用途は主にロングライド。ダイエットと健康増進が主目的の普通のホビーライダーが本機を約1年使った使用感を、なるべく既存のインプレッション記事と被らない内容で述べてみたいと思います。

(0)はじめに

■購入動機

長らくEdge 500とスマホ(にルートラボの画面を表示)の組み合わせで休日のロングライドを楽しんでいましたが、行動範囲がだんだんと携帯が圏外になるような林道に広がると、いろいろと不便を感じるようになりました。そこでナビ付きの上位機種を導入してサイコンとスマホを一つにまとめたいと考えたことが直接の動機です。

■機種選定の決め手

当方が機種選択で決め手とした特徴を優先順に並べると

①バッテリーの持続時間
 本機登場時点ではEdgeシリーズ最長の20時間。
②画面、画素数がシリーズ最大(3.5インチ、画素数382x470)
 スマホのマップ画面の代替なので、個人的には重量やコンパクトさよりもディスプレイが大きくて見やすい方が魅力的でした。
③外部メモリスロットがある
 本体メモリを触らずに有償あるいは無償の外部地図データを安全簡単に導入可能であるため、別の趣味である軽登山にも使えそうといったことも背中を後押ししました。同時に、搭載地図が古くなっても最新の地図データを準備することで末永く使い倒せそうなこともメリットに感じられました。もちろん地図データの追加に外部メモリスロットは必ずしも必須ではありませんが、作業に伴うリスクが少ない点は安心感を与えてくれます。

ちなみに、リリース当時のEdgeシリーズ中本機だけの機能として

④トレーニング効果の評価機能
 アクティビティが有酸素運動、無酸素運動の観点から身体のフィットネスの向上にどの程度の効果があったかを数値で教えてくれる。この値は走行中も表示できる。
⑤トレーニングステータスの評価機能
 短期~中長期的な運動量が適切な範囲かを教えてくれる。

が挙げられます。これらはまあ無ければ無いで他の代替手段もありますが、何もしなくてもライド終了後すぐに教えてくれるのは、やはり非常に便利です。

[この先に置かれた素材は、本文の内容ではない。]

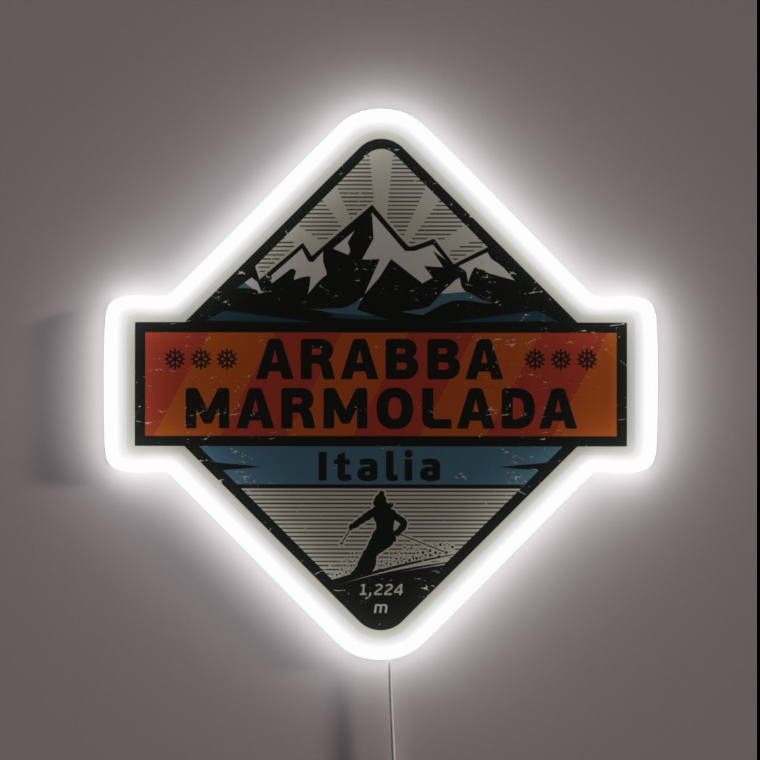 Add a touch of European flair to your space with this vibrant Arabba Marmolada Italy RGB neon sign, perfect for ski enthusiasts and travel lovers alike.

ただし④⑤を利用するには本機と心拍計に加えて、パワー計が必要です。当方は心拍計兼パワー計としてCycleOps PowerCalを利用しています。
PowerCalに関しては既にCBNにも幾つか濃いレビューがあるのでここでは詳細は割愛しますが、細かい精度を求めず、結果として得られる④⑤の情報をフィットネス向上の目安として活用する程度の目的であれば、十分なリターンをもたらしてくれるデバイスだと思います。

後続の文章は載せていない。